§ **Task to carry out**: Pictures in the listing below are skipped, while the lines from the "This bingo card" line through the "As an added" line are returned word for word.

§ **Source data**:
☆ ☆ ☆ ☆

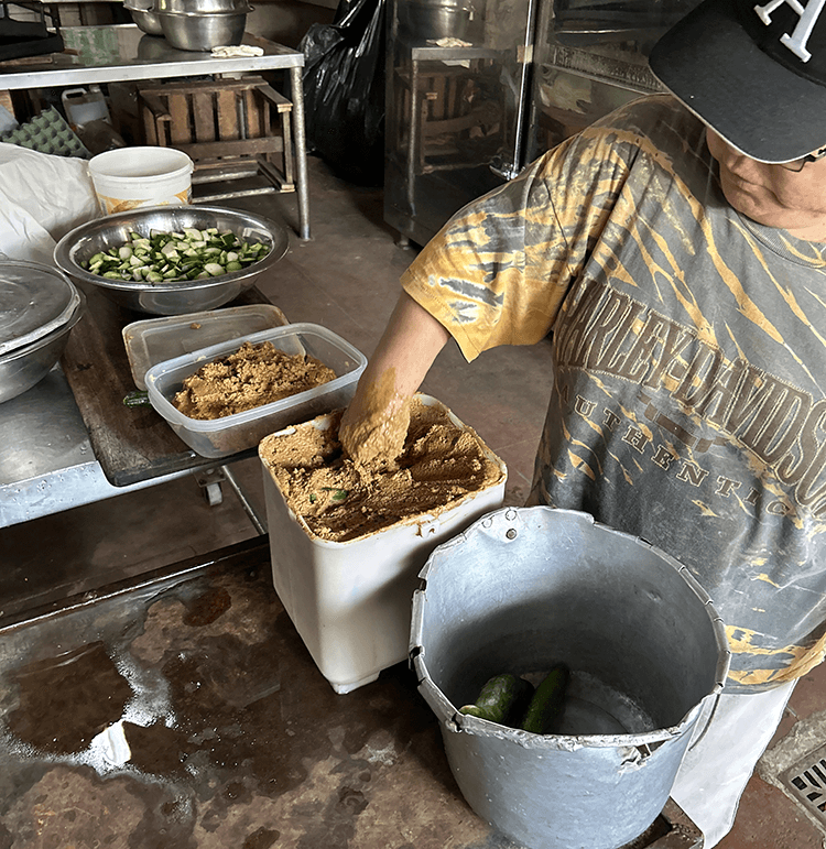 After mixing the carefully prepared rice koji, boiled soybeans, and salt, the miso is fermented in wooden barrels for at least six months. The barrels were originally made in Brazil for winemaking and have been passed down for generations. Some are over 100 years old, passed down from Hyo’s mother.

☆ ☆ ☆ ☆

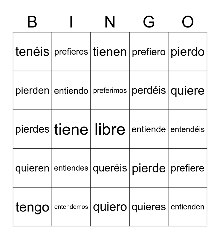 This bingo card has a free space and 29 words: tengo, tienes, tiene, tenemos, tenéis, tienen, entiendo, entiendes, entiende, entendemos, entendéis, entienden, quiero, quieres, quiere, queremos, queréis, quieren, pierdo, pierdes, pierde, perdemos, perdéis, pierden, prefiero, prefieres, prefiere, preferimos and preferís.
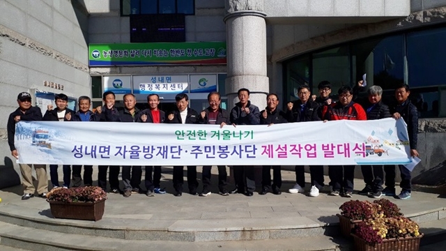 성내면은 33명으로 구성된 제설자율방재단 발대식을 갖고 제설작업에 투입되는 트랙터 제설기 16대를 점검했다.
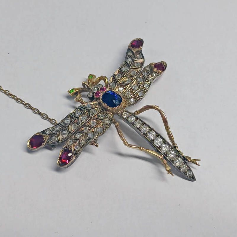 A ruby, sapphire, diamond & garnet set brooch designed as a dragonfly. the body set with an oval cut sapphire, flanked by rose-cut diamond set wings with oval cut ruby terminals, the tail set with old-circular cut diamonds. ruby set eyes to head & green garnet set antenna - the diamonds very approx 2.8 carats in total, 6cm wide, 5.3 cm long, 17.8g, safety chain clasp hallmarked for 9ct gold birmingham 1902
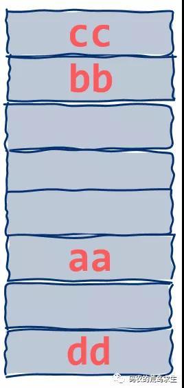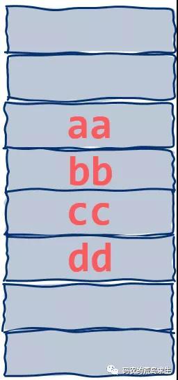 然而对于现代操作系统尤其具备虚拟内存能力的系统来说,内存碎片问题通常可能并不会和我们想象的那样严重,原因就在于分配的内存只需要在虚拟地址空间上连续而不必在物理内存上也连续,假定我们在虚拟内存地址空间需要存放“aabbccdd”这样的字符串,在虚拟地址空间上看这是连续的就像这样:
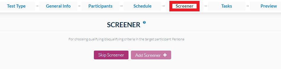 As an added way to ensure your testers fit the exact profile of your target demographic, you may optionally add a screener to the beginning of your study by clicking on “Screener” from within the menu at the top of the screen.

☆ ☆ ☆ ☆

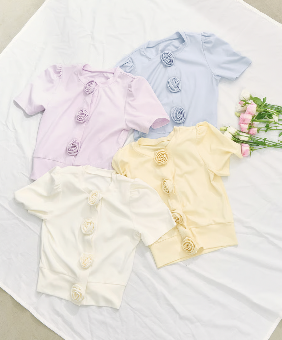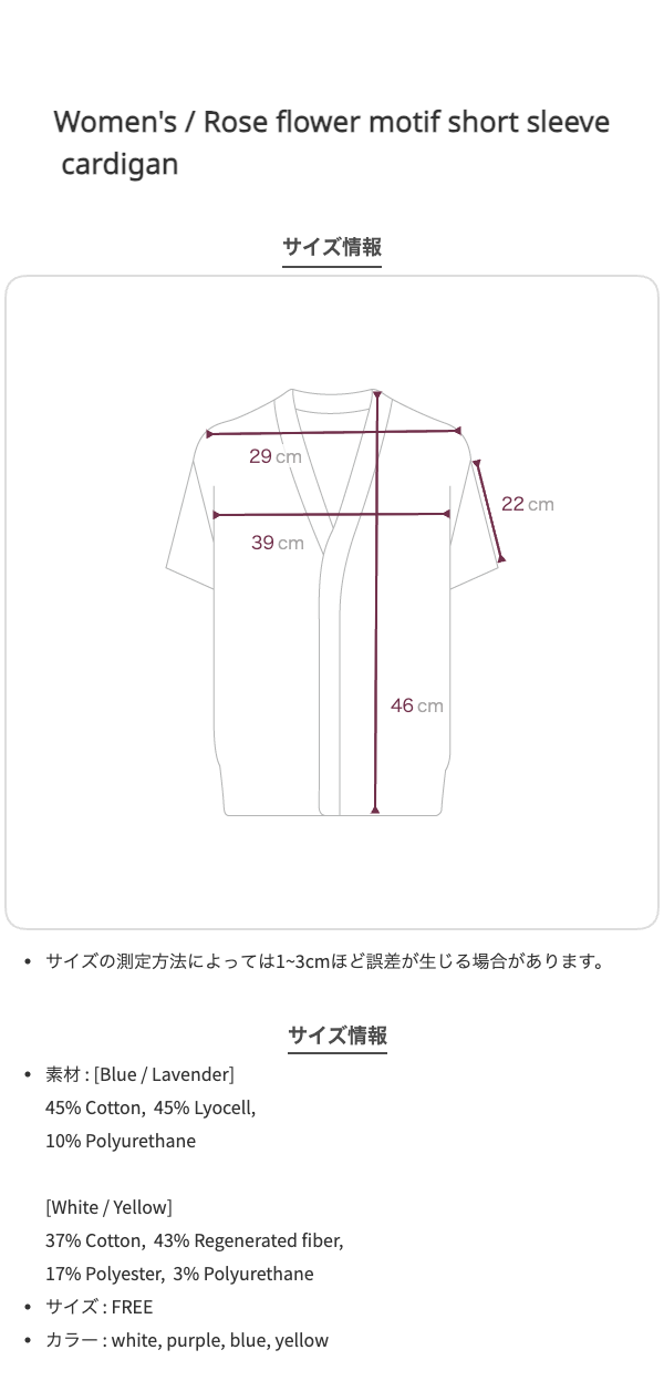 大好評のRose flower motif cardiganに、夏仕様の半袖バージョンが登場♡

☆ ☆ ☆ ☆

§ **Solution to this exercise**:
 This bingo card has a free space and 29 words: tengo, tienes, tiene, tenemos, tenéis, tienen, entiendo, entiendes, entiende, entendemos, entendéis, entienden, quiero, quieres, quiere, queremos, queréis, quieren, pierdo, pierdes, pierde, perdemos, perdéis, pierden, prefiero, prefieres, prefiere, preferimos and preferís.
 성내면은 33명으로 구성된 제설자율방재단 발대식을 갖고 제설작업에 투입되는 트랙터 제설기 16대를 점검했다.
 A ruby, sapphire, diamond & garnet set brooch designed as a dragonfly. the body set with an oval cut sapphire, flanked by rose-cut diamond set wings with oval cut ruby terminals, the tail set with old-circular cut diamonds. ruby set eyes to head & green garnet set antenna - the diamonds very approx 2.8 carats in total, 6cm wide, 5.3 cm long, 17.8g, safety chain clasp hallmarked for 9ct gold birmingham 1902
 然而对于现代操作系统尤其具备虚拟内存能力的系统来说,内存碎片问题通常可能并不会和我们想象的那样严重,原因就在于分配的内存只需要在虚拟地址空间上连续而不必在物理内存上也连续,假定我们在虚拟内存地址空间需要存放“aabbccdd”这样的字符串,在虚拟地址空间上看这是连续的就像这样:
 As an added way to ensure your testers fit the exact profile of your target demographic, you may optionally add a screener to the beginning of your study by clicking on “Screener” from within the menu at the top of the screen.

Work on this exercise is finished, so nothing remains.